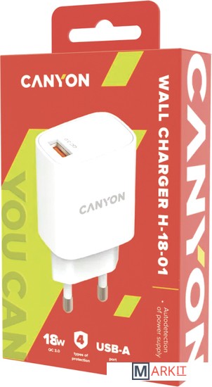 Markit » Зарядные устройства » Сетевое зарядное Canyon CNE-CHA18W
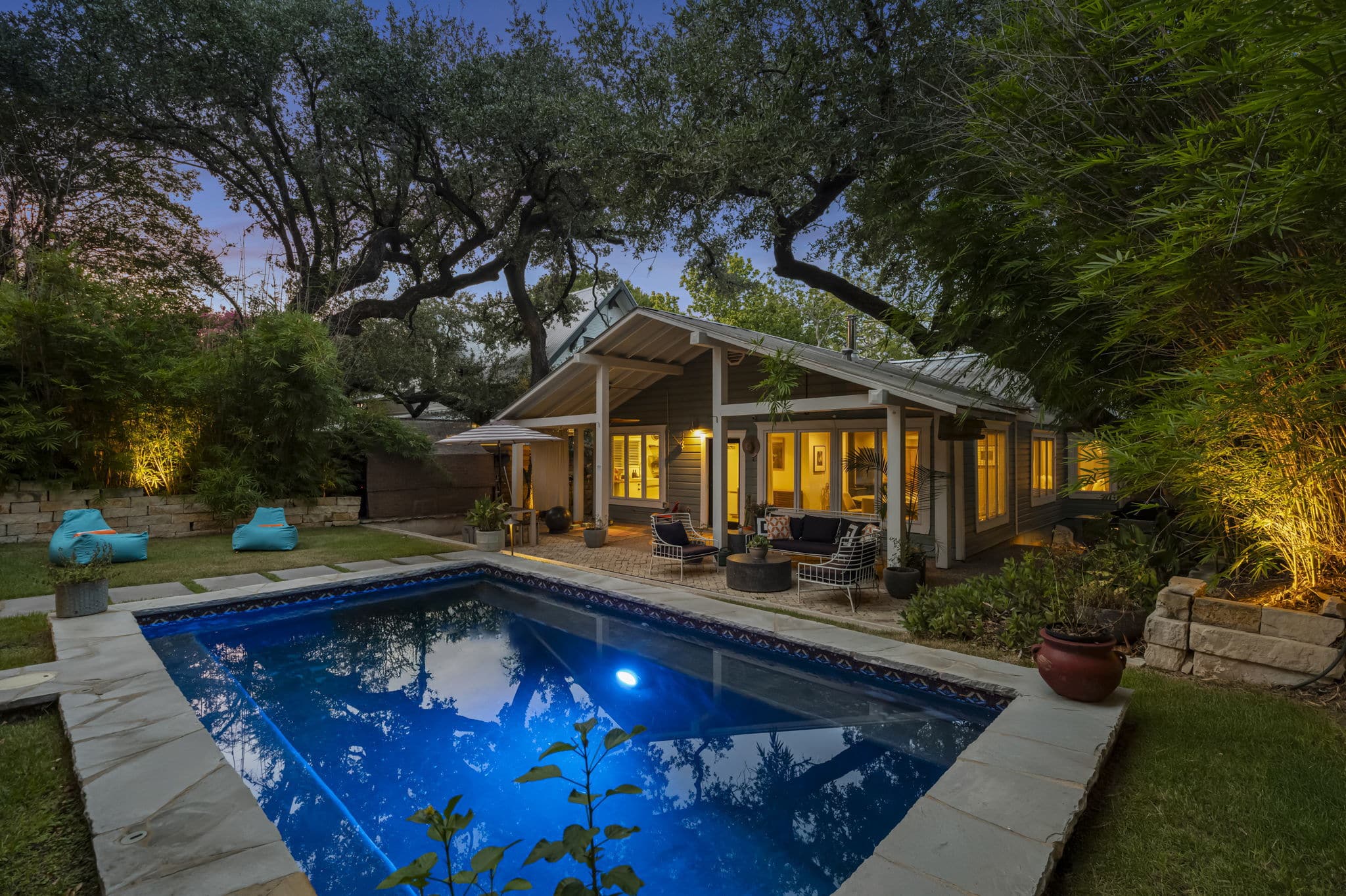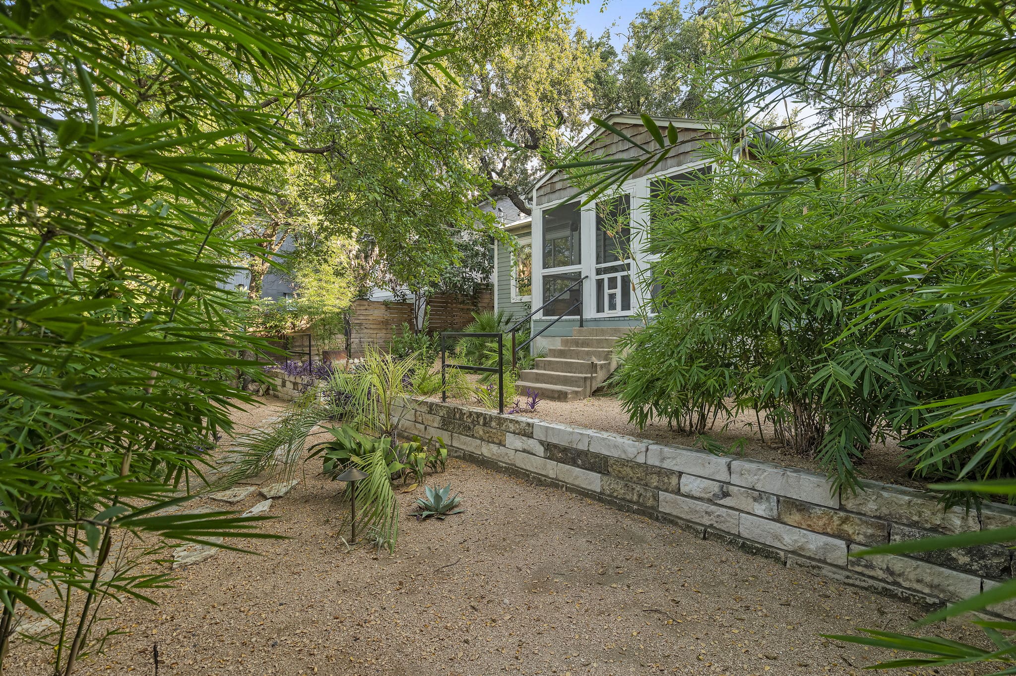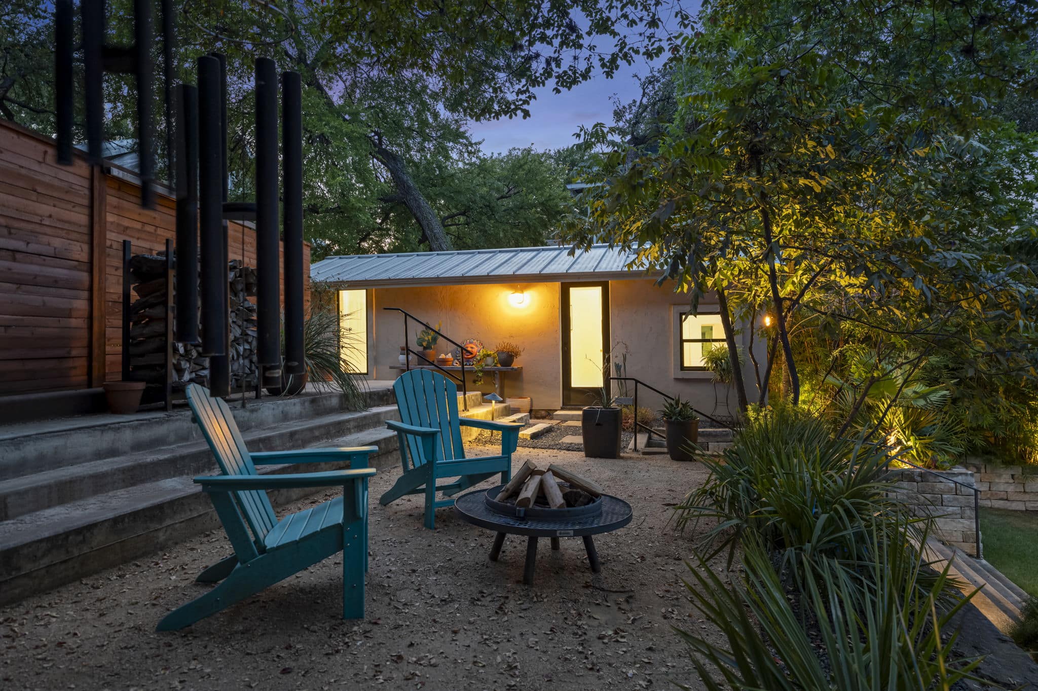Perched on a hillside in Travis Heights, one of Austin’s most sought-after neighborhoods, this lush retreat offers three distinct layers of living: a private one bedroom, one bath Casita with kitchenette and outdoor firepit lounge, a heated saltwater pool framed by limestone and lush greenery, and a main house with two bedrooms, two baths, and soaring windows. Natural landscaping flows throughout, creating a hidden sanctuary minutes from downtown, SoCo, and Lady Bird Lake.
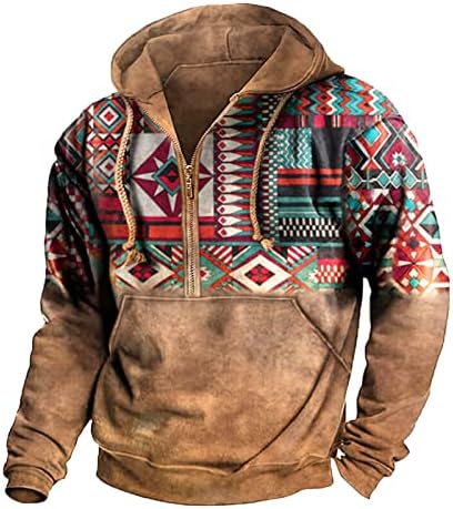 Hoodies For Men With Designs,Aztec Western Ethnic Print Sweatshirt,Half Zip Long Sleeve Loose Hooded Pullover Tops Hoodies For Men Graphic Design,Half Zip Aztec Print Vintage Sweatshirt,Western Ethnic Loose Long Sleeve Pullover Top
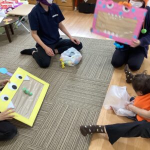 お話の後は風船バズーカーでキャンディーを飛ばし、モンスターに食べさせるゲームで楽しみました♪
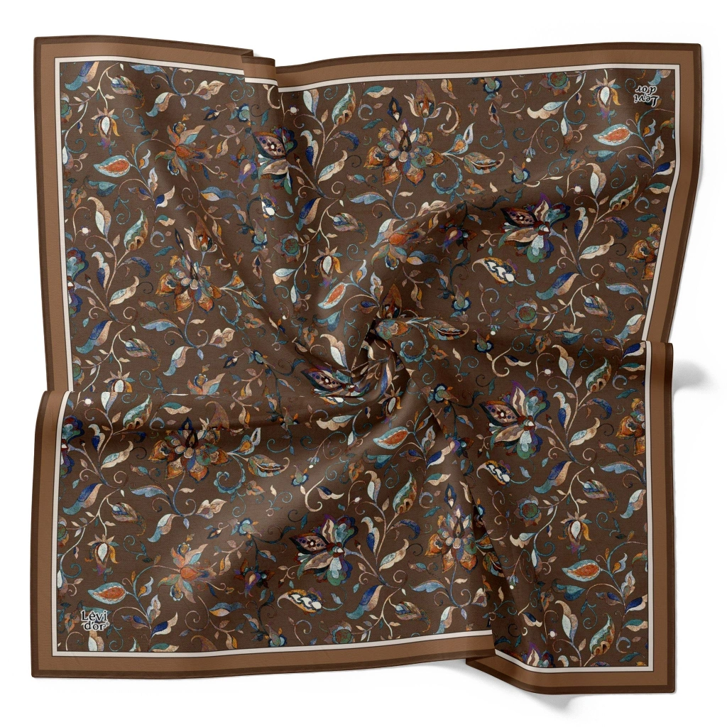Levidor Kristal Eşarp Lalezar Desen Kahve, şıklığı ve zarifliği bir arada sunan bir eşarptır.
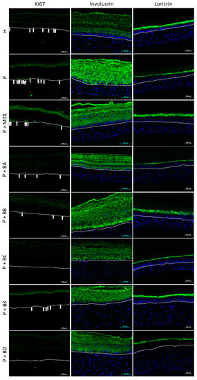 The stainings of IVL, an early differentiation marker, and LOR, a late differentiation marker, were performed to evaluate the differentiation process. As can be observed in Figure 4, the early differentiation marker (IVL) is overexpressed in P substitutes (without treatment), while the late differentiation marker (LOR) is underexpressed, compared with H substitutes. When treated either with the standard treatment MTX or with BA, BB, BC, BK or BD, the expression of IVL and LOR seems partially or fully restored, suggesting a normalization of the differentiation process. The fluorescence intensity analyses of microscopy images have confirmed an increase in pixel intensity for LOR of over 100% when P substitutes were treated with BB or BK, compared with untreated P substitutes, while MTX treatment increased the presence of LOR up to 66% compared with the control. The pixel intensity of IVL, when substitutes were treated with MTX, decreased to 41% compared with untreated P substitutes, while BA and BC treatments led to a fully restored IVL expression as found in a healthy phenotype. Treatments with BK, BB or BD revealed a partial expression of IVL (respectively an 89%, 40%, and 12% decrease in pixel intensity compared with P substitutes), suggesting that P substitutes treated with one of BA, BB, BC, BK or BD are closer to a healthy phenotype. According to these analyses, BA, BB, BC, and BK seem to act even better than MTX on the differentiation process.
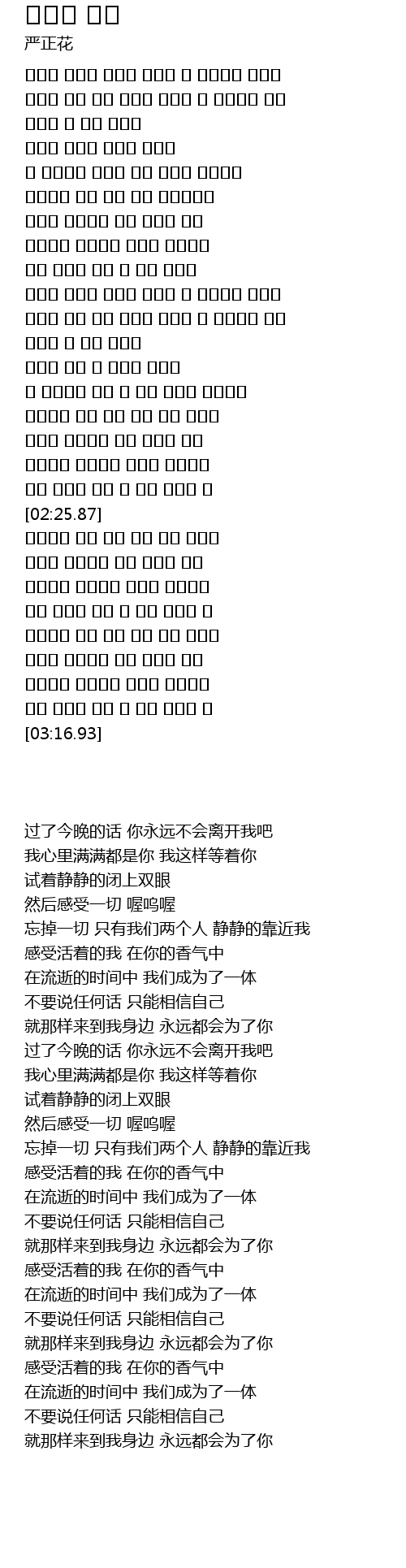 | [00:25.70] | 过了今晚的话 你永远不会离开我吧 |
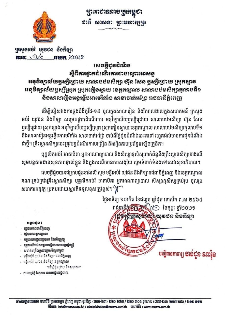 យោងតាមសេចលកដីជូនដំណឹងរបស់ក្រសួងអប់រំនៅថ្ងៃទី២១កុម្ភៈឆ្នាំ២០២១ បានឲ្យដឹងថា ដើម្បីចៀសវាងការឆ្លងជំងឺកូវីដ-១៩ចូលក្នុងសាលារៀន និងរីករាលដាលក្នុងសហគមន៍ ក្រសួងបានសម្រេចផ្អាកដំណើរការ អនុវិទ្យាល័យឬស្សីជ្រោយ, សាលាបឋមសិក្សា ហ៊ុន សែន ឬស្សីជ្រោយ ស្រុកស្អាង ខេត្តកណ្ដា, អនុវិទ្យាល័យឬស្សសីស្រុក ស្រុកកៀនស្វាយ ខេត្តកណ្ដាល, សាលាបឋមសិក្សាកូលាបទី១ និងសាលាអន្តរទ្វីបអាមេរិកាំង សាខាចាក់អង្រែ ចាប់ពីថ្ងៃ២១កុម្ភៈតទៅរហូតដល់មានការជូនដំណឹងជាថ្មី។ ក្រសួងក៏បានបញ្ជាក់ថា គ្រឹះស្ថានសិក្សាទាំងនោះ ត្រូវដំណើរការបង្រៀន និងរៀនតាមប្រពន្ធ័អេឡិចត្រូនិក។ ជាមួយគ្នានោះ ក្រសួងអប់រំក៏បានណែនាំឲ្យបុគ្គលិកអប់រំ មាតាបិតា អ្នកអាណាព្យាបាល និងសិស្សានុសិស្សពាក់ពន្ធ័នឹងគ្រឹះស្ថានសិក្សាទាំងនោះ ត្រូវបន្តតាមដានសុខភាពផ្ទាល់ខ្លួន និងក្នុងករណីមានការសង្ស័យ ត្រូវទំនាក់ទំនងទៅសេវាសុខាភិបាល។ កម្ពុជាទើបនឹងរកឃើញករណីផ្ទុះក្នុងសហគមន៍ជាលើកទី៣នៅថ្ងៃទី២០កុម្ភៈឆ្នាំ២០២១។ ក្នុងរយៈពេល៣ថ្ងៃចាប់ពីថ្ងៃទី២០ដល់ថ្ងៃ២២កុម្ភៈនេះ នៃសព្រឹត្តិការណ៍សហគមន៍២០កុម្ភៈចំនួន៧៦នាក់ហើយ។

___

Down to the final line, restate the material above word for word, but omit its pictures.

:: SOLUTION ::
 Markit » Зарядные устройства » Сетевое зарядное Canyon CNE-CHA18W
Perched on a hillside in Travis Heights, one of Austin’s most sought-after neighborhoods, this lush retreat offers three distinct layers of living: a private one bedroom, one bath Casita with kitchenette and outdoor firepit lounge, a heated saltwater pool framed by limestone and lush greenery, and a main house with two bedrooms, two baths, and soaring windows. Natural landscaping flows throughout, creating a hidden sanctuary minutes from downtown, SoCo, and Lady Bird Lake.
 Hoodies For Men With Designs,Aztec Western Ethnic Print Sweatshirt,Half Zip Long Sleeve Loose Hooded Pullover Tops Hoodies For Men Graphic Design,Half Zip Aztec Print Vintage Sweatshirt,Western Ethnic Loose Long Sleeve Pullover Top
 お話の後は風船バズーカーでキャンディーを飛ばし、モンスターに食べさせるゲームで楽しみました♪
Levidor Kristal Eşarp Lalezar Desen Kahve, şıklığı ve zarifliği bir arada sunan bir eşarptır.
 The stainings of IVL, an early differentiation marker, and LOR, a late differentiation marker, were performed to evaluate the differentiation process. As can be observed in Figure 4, the early differentiation marker (IVL) is overexpressed in P substitutes (without treatment), while the late differentiation marker (LOR) is underexpressed, compared with H substitutes. When treated either with the standard treatment MTX or with BA, BB, BC, BK or BD, the expression of IVL and LOR seems partially or fully restored, suggesting a normalization of the differentiation process. The fluorescence intensity analyses of microscopy images have confirmed an increase in pixel intensity for LOR of over 100% when P substitutes were treated with BB or BK, compared with untreated P substitutes, while MTX treatment increased the presence of LOR up to 66% compared with the control. The pixel intensity of IVL, when substitutes were treated with MTX, decreased to 41% compared with untreated P substitutes, while BA and BC treatments led to a fully restored IVL expression as found in a healthy phenotype. Treatments with BK, BB or BD revealed a partial expression of IVL (respectively an 89%, 40%, and 12% decrease in pixel intensity compared with P substitutes), suggesting that P substitutes treated with one of BA, BB, BC, BK or BD are closer to a healthy phenotype. According to these analyses, BA, BB, BC, and BK seem to act even better than MTX on the differentiation process.
 | [00:25.70] | 过了今晚的话 你永远不会离开我吧 |
 យោងតាមសេចលកដីជូនដំណឹងរបស់ក្រសួងអប់រំនៅថ្ងៃទី២១កុម្ភៈឆ្នាំ២០២១ បានឲ្យដឹងថា ដើម្បីចៀសវាងការឆ្លងជំងឺកូវីដ-១៩ចូលក្នុងសាលារៀន និងរីករាលដាលក្នុងសហគមន៍ ក្រសួងបានសម្រេចផ្អាកដំណើរការ អនុវិទ្យាល័យឬស្សីជ្រោយ, សាលាបឋមសិក្សា ហ៊ុន សែន ឬស្សីជ្រោយ ស្រុកស្អាង ខេត្តកណ្ដា, អនុវិទ្យាល័យឬស្សសីស្រុក ស្រុកកៀនស្វាយ ខេត្តកណ្ដាល, សាលាបឋមសិក្សាកូលាបទី១ និងសាលាអន្តរទ្វីបអាមេរិកាំង សាខាចាក់អង្រែ ចាប់ពីថ្ងៃ២១កុម្ភៈតទៅរហូតដល់មានការជូនដំណឹងជាថ្មី។ ក្រសួងក៏បានបញ្ជាក់ថា គ្រឹះស្ថានសិក្សាទាំងនោះ ត្រូវដំណើរការបង្រៀន និងរៀនតាមប្រពន្ធ័អេឡិចត្រូនិក។ ជាមួយគ្នានោះ ក្រសួងអប់រំក៏បានណែនាំឲ្យបុគ្គលិកអប់រំ មាតាបិតា អ្នកអាណាព្យាបាល និងសិស្សានុសិស្សពាក់ពន្ធ័នឹងគ្រឹះស្ថានសិក្សាទាំងនោះ ត្រូវបន្តតាមដានសុខភាពផ្ទាល់ខ្លួន និងក្នុងករណីមានការសង្ស័យ ត្រូវទំនាក់ទំនងទៅសេវាសុខាភិបាល។ កម្ពុជាទើបនឹងរកឃើញករណីផ្ទុះក្នុងសហគមន៍ជាលើកទី៣នៅថ្ងៃទី២០កុម្ភៈឆ្នាំ២០២១។ ក្នុងរយៈពេល៣ថ្ងៃចាប់ពីថ្ងៃទី២០ដល់ថ្ងៃ២២កុម្ភៈនេះ នៃសព្រឹត្តិការណ៍សហគមន៍២០កុម្ភៈចំនួន៧៦នាក់ហើយ។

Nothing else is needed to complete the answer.